Brucellosis is a zoonosis affecting animals and humans worldwide. Brucella infections may result in significant economic losses due to abortion and slaughtering of infected animals. Humans are mainly infected through the consumption of contaminated dairy products or by direct contact with infected animals. In addition, certain Brucella spp have to be considered as potential biowarfare agents. Six species are currently recognized, B. abortus (8 biovars), B. melitensis (3 biovars), B. suis (5 biovars), B. ovis, B. canis and B. neotomae [1]. More recently, Brucella strains have been isolated from marine mammals [2], suggesting the existence of additional species [3, 4].

The genus Brucella is highly homogeneous (more than 90% DNA/DNA homology [5]). Brucella classification is mainly based on differences in pathogenicity, host preferences, and conventional microbiological tests used for phenotyping (biotyping) [6]. Routine identification of Brucella species and biovars still relies on biotyping (reviewed in [7]). Only a few tools exist for further molecular subtyping, of which none has proven to be fully satisfactory for epidemiologic investigations or tracing back strains to their origin. Tandem repeat (TR) sequences may be an interesting class of markers, since multiple alleles can be present at a single locus, and size differences are easily resolved by electrophoresis (reviewed by [8, 9]). Tandem repeats are often classified as microsatellites (repeat units up to 8 bp) and minisatellites [10, 11]. Tandem repeat typing has proven to be highly appropriate for the typing of pathogenic bacterial species with a high genetic homogeneity, including the Mycobacterium tuberculosis complex, Bacillus anthracis, and Yersinia pestis [1215]. Recently, a family of tandem repeats located within a repeated sequence and present in multiple loci in the Brucella genome was used for strain typing [16, 17]. The proposed set of eight microsatellite loci is extremely discriminant and highly efficient to distinguish strains within a local outbreak, but is unable to correctly predict the biovar or even the species of an isolate. A possible reason for that is the high mutation rate of these loci. Consequently, this MLVA assay cannot replace classical biotyping methods.
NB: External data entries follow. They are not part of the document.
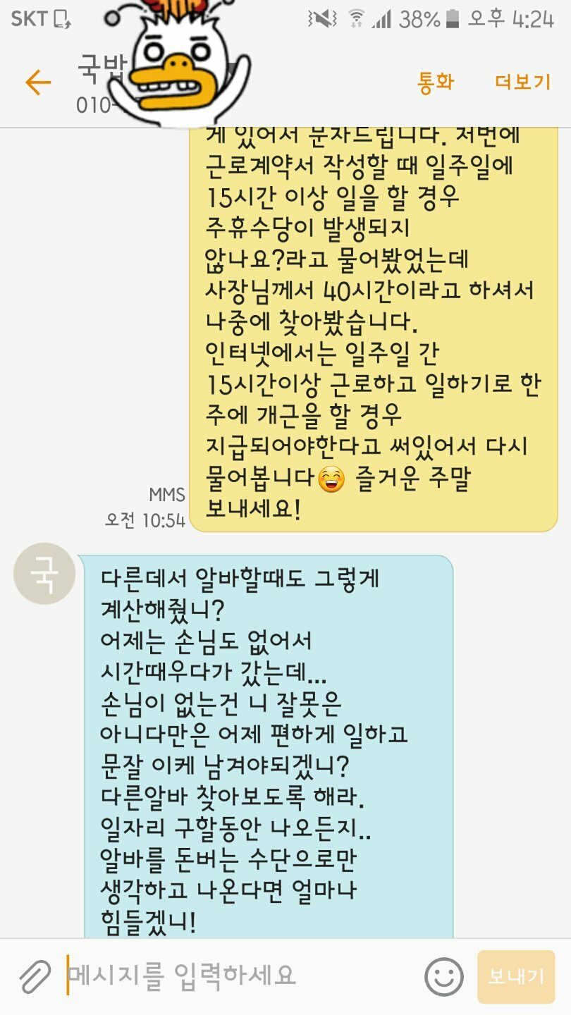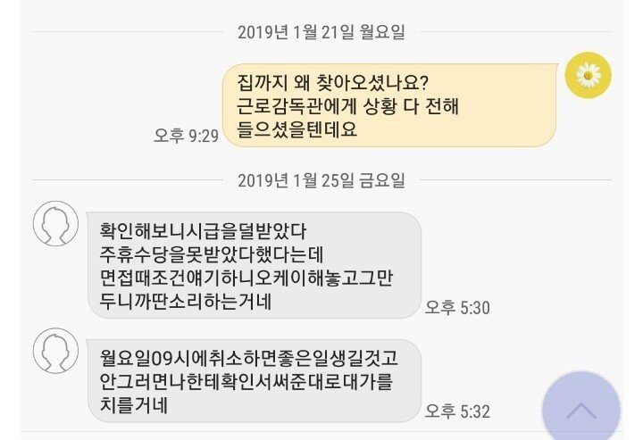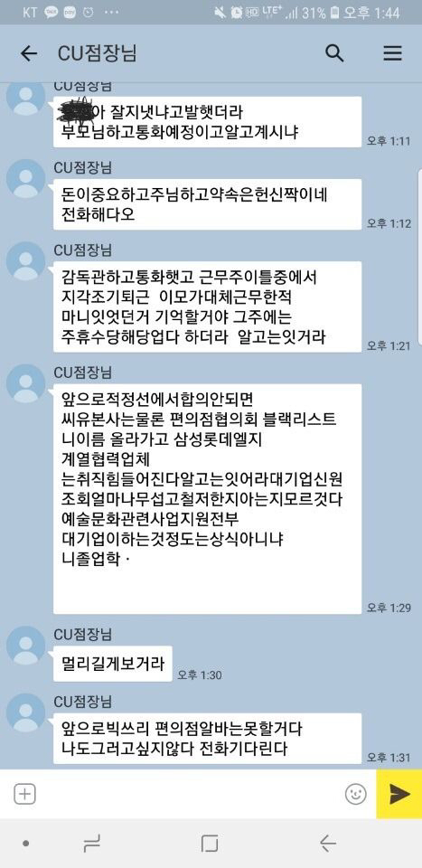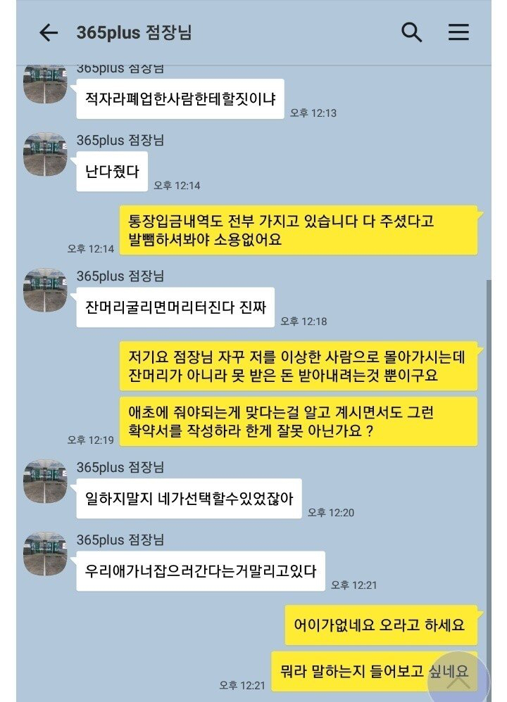 [스크랩] [기타]주휴수당 달라고 하면 일어나는 일...jpg 작성자정동남|작성시간26.02.09|조회수66,568 목록 댓글 30 글자크기 작게가 글자크기 크게가 출처 : 여성시대 머쓱타드"취소 안하면 대가를 치를거네""잔머리 굴리면 머리 터진다 진짜""우리애가 너 잡으러간다는거 말리고 있다"..."알바를 돈 버는 수단으로만 생각하고 나온다면 얼마나 힘들겠니!" 다음검색 스크랩 원문 : *여성시대* 차분한 20대들의 알흠다운 공간 현재 게시글 추가 기능 열기 북마크 공유하기 신고 센터로 신고 댓글 댓글 30 댓글쓰기 답글쓰기 댓글 리스트 작성자늙남만나지마제발제발 | 작성시간 26.02.09 끽해야 편의점하면서 꼴같잖게 대기업 취업을 운운하고 있어 ㅋㅋㅋㅋㅋㅋ 작성자김리즈 | 작성시간 26.02.09 역ㄱ겹다 ㄷㄷ 작성자레츠고양이 | 작성시간 26.02.09 미친소리 작성자시공의균열 | 작성시간 26.02.09 빅쓰리 편의점ㅅㅂㅋㅋㅋㅋㅋㅋ 작성자sjkukseee | 작성시간 26.02.09 빅쓰리 편의점 알밬ㅋㅋㅋㅋㅋㅋㅋㅋㅋ 녜녜,,, 댓글 전체보기
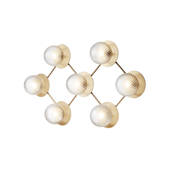 Liila 7 er en sofistikert veggkrone med en langstrakt modulær formasjon. Liila 7 kan installeres vertikalt eller horisontalt, og lys skulpturen er like dekorativ når lampen er slått av.
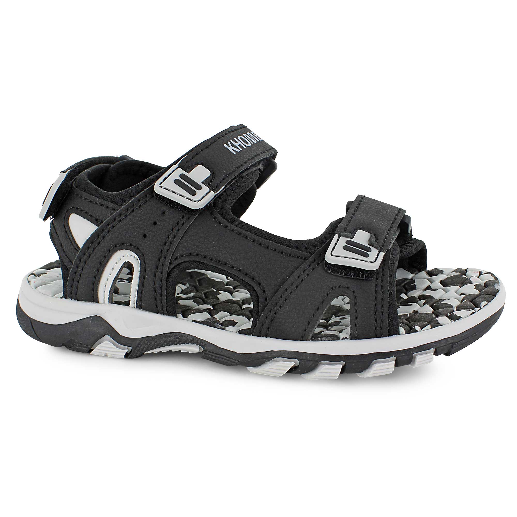 - three hook-and-loop strap closure, including around heel for a secure fit
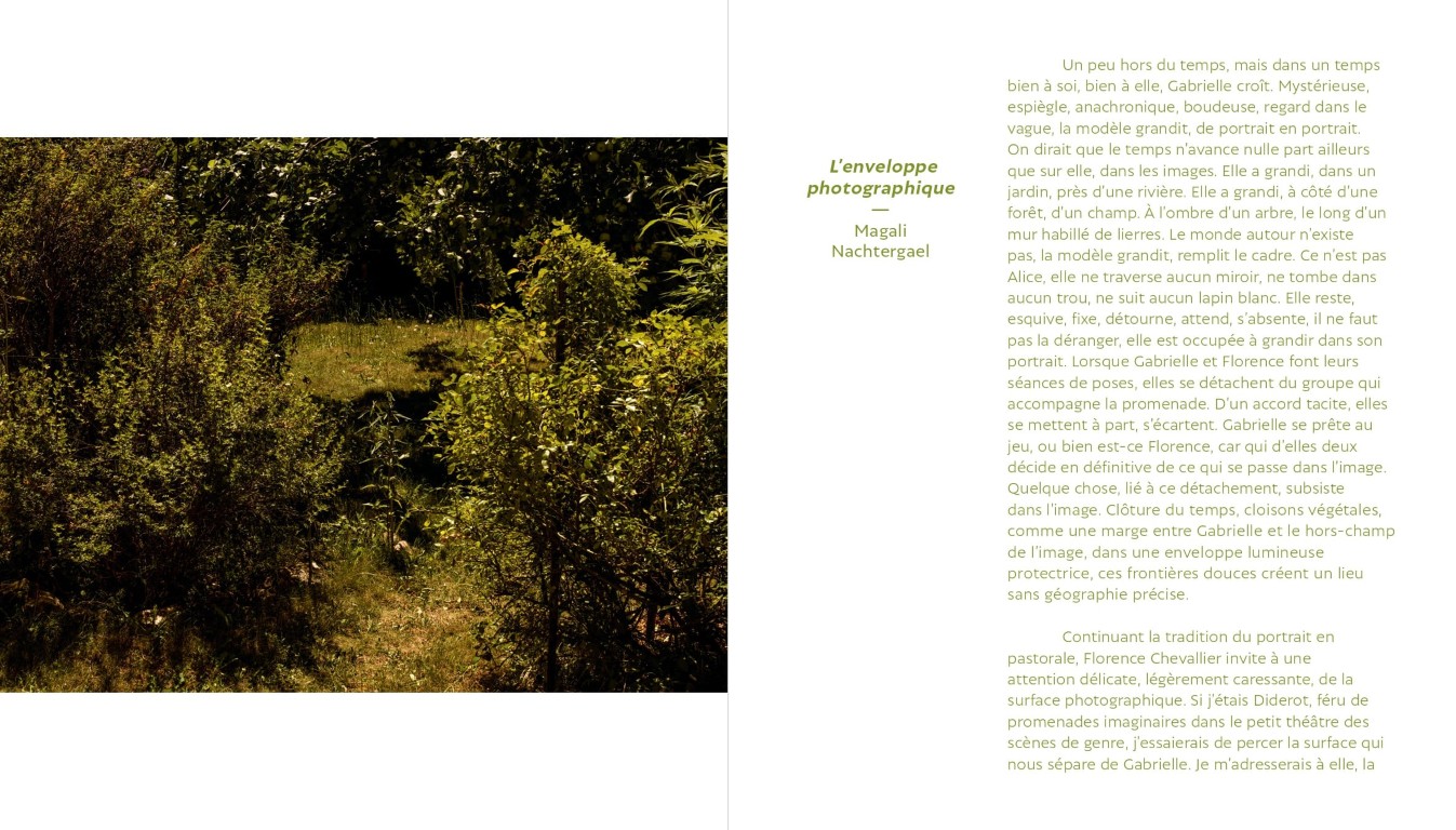 Depuis presque quinze ans maintenant, la photographe Florence Chevallier – prix Niépce 1998 – entretient une relation photographique avec Gabrielle, petite-fille de son mari le peintre André Guenoun. Dans leur maison près d’une rivière, dans les bois et le jardin, la petite fille se prête au jeu du regard, acceptant l’appareil photographique qui marque la distance entre l’artiste et son modèle. De la conscience aiguë à l’oubli de soi, Gabrielle semble nous inviter à saisir l’essence de sa beauté dans le temps, mais aussi celle de la naissance d’un sujet, qui s’affirme face au monde grâce à la relation que la photographe a tissée avec elle.
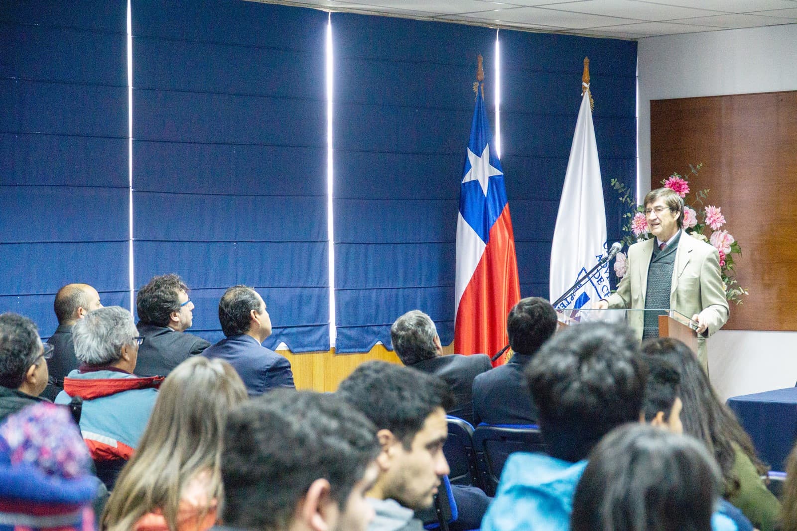 Estuvieron presentes en la ocasión el vicerrector Académico, Sr. Ramón Pérez; el vicerrector financiero, Sr. Claudio Pardo; el vicerrector de Desarrollo Estudiantil, Sr. Hermann Moyano; y el vicerrector de Vinculación con el Medio y Relaciones Estratégicas, Sr. Antonio Parra.

The availability of the whole genome sequences of B. melitensis 16 M, B. suis 1330 and B. abortus strain 9–941 [1820] greatly facilitates the search for polymorphic DNA sequences [21]. In this report, we evaluated most tandem repeats showing at least two alleles among the three sequenced strains [22]. Eighteen reference strains and 3 strains isolated from marine mammals [23] were typed using these TR candidates to evaluate their associated polymorphism. For routine typing, a subset of 15 markers which enabled to cluster the isolates according to their biotype was selected. This set of markers was further evaluated on a collection of 236 isolates representing the major biovars affecting terrestrial mammals (Table 1) to produce a first reference data set [see Additional file 1] which can be queried via the internet [21, 24].

Table 1 Brucella strains studied (reference and field strains)

Results

Evaluation of tandem repeats polymorphism

Comparison of the three genome sequences [21, 22] identifies 107 TRs with a repeat unit larger than 5 bp and predicted to display size polymorphism. Eighty of them were evaluated for polymorphism among 21 reference and marine mammal strains (Table 1). Twenty-two TRs (numbered Bruce01 to Bruce22 in Table 2) have three predicted alleles. Twelve of the 22 are octamers, five of which have been previously characterized [16].

Table 2 List of tandem repeat loci investigated

Typing was done by PCR using the set of primers listed in Table 2, as described [13]. Six markers failed to amplify DNA satisfactorily, and were not included in the further study: they generated multiple band profiles (bruce20-BRU329_8bp_148bp_7u; bruce38-BRU1116_18bp_108bp_2u; bruce71-BRU337_12bp_394bp_3u), or lacked amplification using the selected primers (bruce79-BRU163_12bp_141bp_4u), or no appropriate primers could be designed targeting the flanking regions because of the presence of repeated elements (bruce76-BRU243_21bp_2u; bruce77-BRU195_21bp_2u, not listed in Table 2).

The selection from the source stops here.